Andrew’s eyes darted toward the shed. “Tansy’s a friend.” The declaration was clearly meant as a reassurance to himself. “I’ll tell her for you. Then I’ll head back to town for the checkers. Mr. Bell and Mr. MacNamara will be there already.”
A tiny, genuine smile touched his usually pensive expression. Miriam resisted the urge to rush over to him and hug him tightly. Too many of the patients at Blackburn hadn’t ever shed their looks of worry.
“I like Doc’s pa,” he said. “It’s sure easy to see where Doc gets his friendliness, isn’t it?”
She set the basket of wash next to the fence post. “Mr. MacNamara is a nice man.”
“Doc’s ma, though. She scares me.” He seemed to rethink that admission. “Not like I’m a child shaking with fright in the corner. She’s just—She’s not as personable as her husband.”
“Savage Wells is unfamiliar to her. Everything about our lives here is different from wh
at she is accustomed to.” It wasn’t a hard thing to piece together; Miriam simply pictured her own mother coming for a visit. “I would wager that if we were to meet Mrs. MacNamara in Washington, amongst her friends and the familiar surroundings of her home, she would be every bit as personable as her husband.”
Andrew scuffed his toe against the dirt. “But then we would be uncomfortable.”
He was quick, though most people likely didn’t take the time to find that out.
“Thank you for checking on the Clarks, Andrew. You take good care of this town.”
He left, heading for the moonshine shed. Paisley and Gideon both said that Andrew was much improved since he’d first returned from the war. She hoped he would continue to recover.
The Clarks were an easy distance from Tansy’s home. Miriam arrived there quickly.

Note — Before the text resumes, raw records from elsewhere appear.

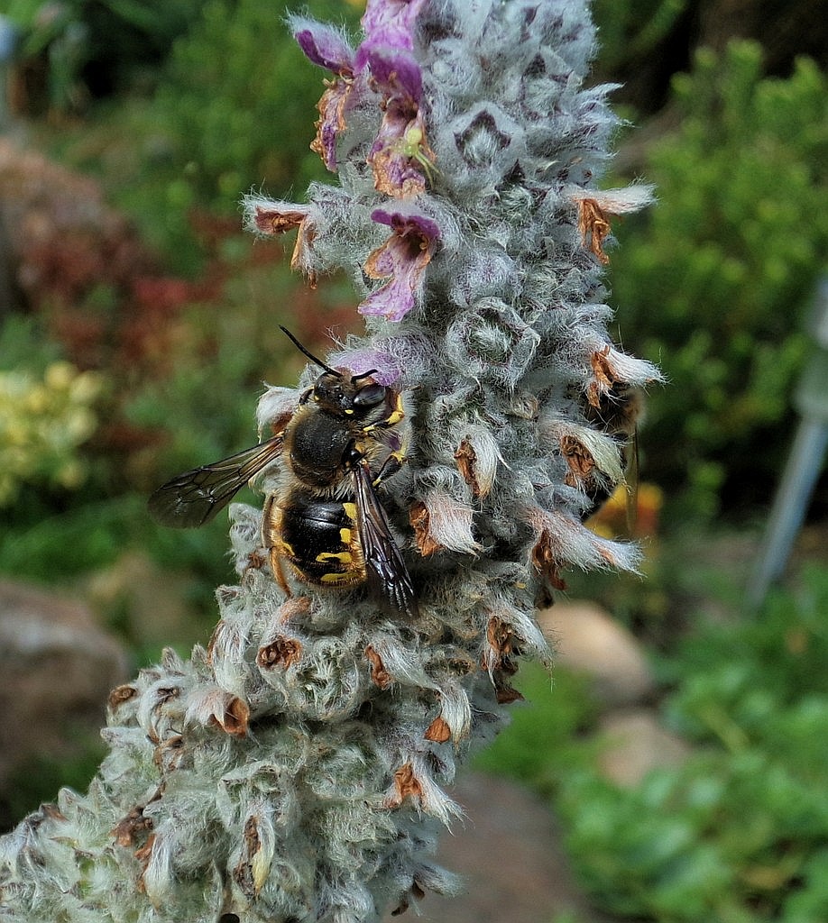 Na nejhořejší fotografii je hnízdní parazit pelonosek, smutilka. Asi obecná, ale je jich víc podobných druhů. Jedinec na fotce je dost kontrastní, může to být sameček smutilky obecné, ti jsou vždycky víc vyfešákovaní, a nebo to může být smutilka Melecta luctuosa, ta je vzácnější a nemá české jméno, a taky parazituje u pelonosek.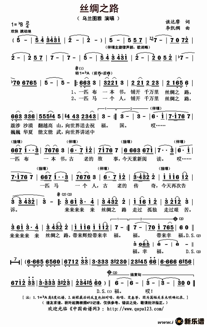 > 丝绸之路最新曲谱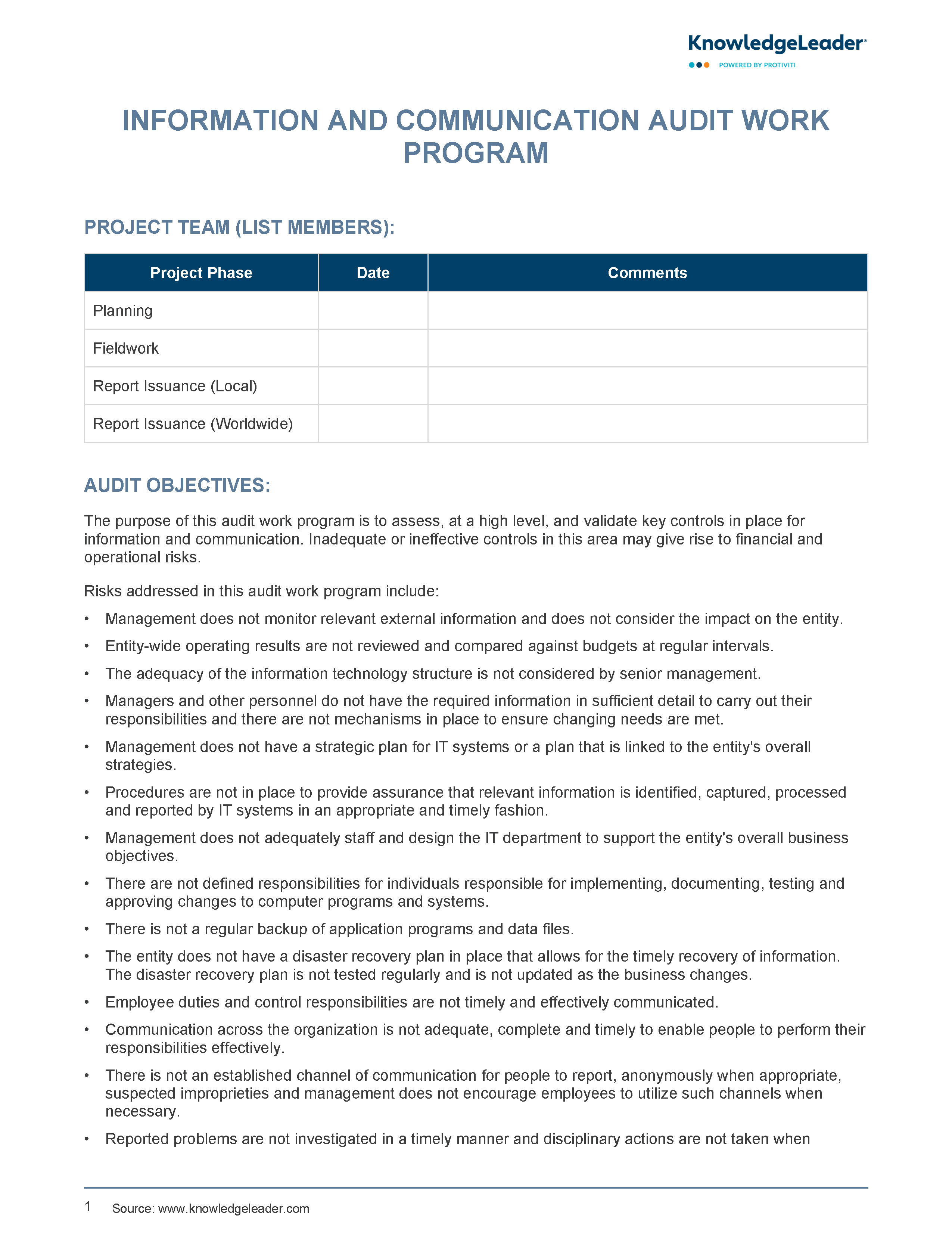 The purpose of this audit work program is to assess, at a high level, and validate key controls in place for the information and communication component of the COSO Framework. Inadequate or ineffective controls in this area may give rise to financial and operational risks.

“Good morning.” She smiled when Mrs. Clark opened the door. “Andrew said your girls were ill.”
The poor woman looked bedraggled. “I ain’t seen ’em this ill before. I’d rather Doc see to them.”

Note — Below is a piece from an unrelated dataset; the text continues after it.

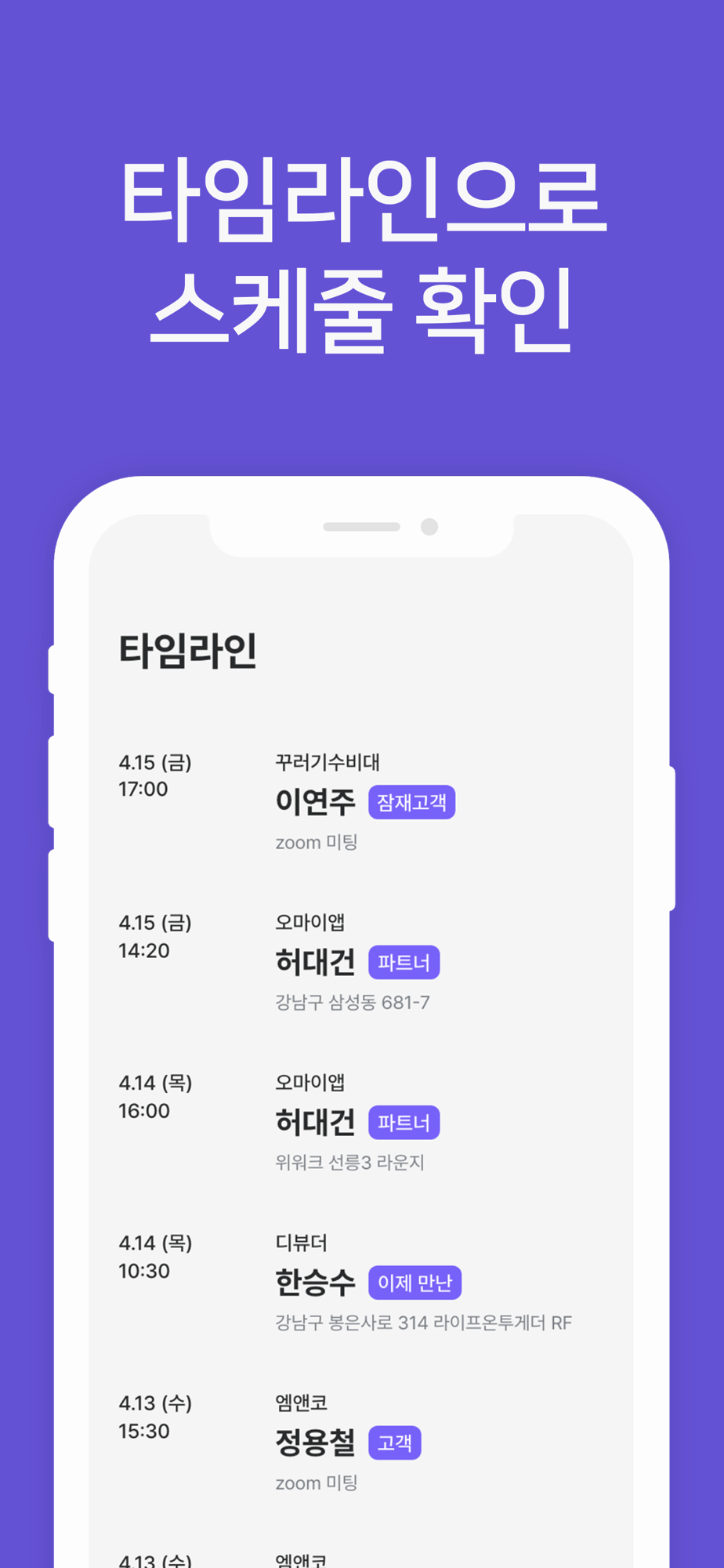 대면 미팅, 이메일, 전화, 화상 미팅 등으로 흩어져있는 이전 기록들
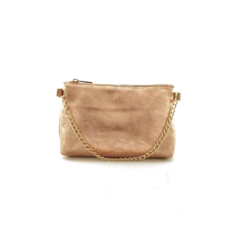 Bolso de ceremonia vegano con cierre de cremallera y cadena dorada.

“Dr. MacNamara will not be back for at least a week.” Miriam would do well to act as confident in herself as she wanted the town to feel. “Where are the girls now?”
“Over here.” Mrs. Clark ushered her over to a trundle in the corner where two small figures lay tucked under blankets.

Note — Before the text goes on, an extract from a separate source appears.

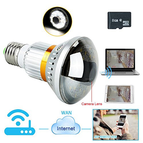-. Feature : ★ MOTION DETECTION & INFRARED: to save on memory space and electricity, the spy bulb's hidden camera can be set to record only when motion is detected. It is also equipped with infrared capabilities, which helps it capture the scene even when there is no light in the room, keeping you informed of any happenings in the dark of night. / ★ MOST PRACTICA: support smartphone tablet APP remote view and control; support PC computer view and control; email alert; 7/24 hours non-stop recording; support 32GB micro SD card in Max(8GB SD card included); circle storage; 5Watt white light / ★ WIFI WIRELESS: Wifi IP network function. Disguised as a family bulb, this Wi-Fi IP camera transmits secure, interference free, video signal directly to your wireless router for remote viewing and recording. / ★ HIDDEN CAMERA: mirror bulb P2P Wifi AP IP camera,(Not a real lamp) motion activated security hidden camcorder DVR, real-time audio & video recording, IR night vision , mirror cover / ★ HIGH DEFINITION: spy mirror bulb produces 1280x960 Full HD video so recorded events are always crystal-clear

Miriam knelt beside the low bed. “Do you have a lantern or candle I could use?” The corner was a bit too dim.
Mrs. Clark complied. What the light revealed made Miriam’s breath catch. The girls were not, as Andrew had reported, flushed. The rosiness of their cheeks was a rash.
“When did the rash first appear?”
“It wasn’t there last night, but it was this morning.” Mrs. Clark understood that the rash did not portend anything good.
Miriam eyed it more closely, growing more convinced of what she was seeing. “Does it extend to their chests and bellies?”
“It does.”
Miriam’s mind spun fast and furious, wrapping itself around the potential enormity of this. “Your oldest. Is he unwell also?”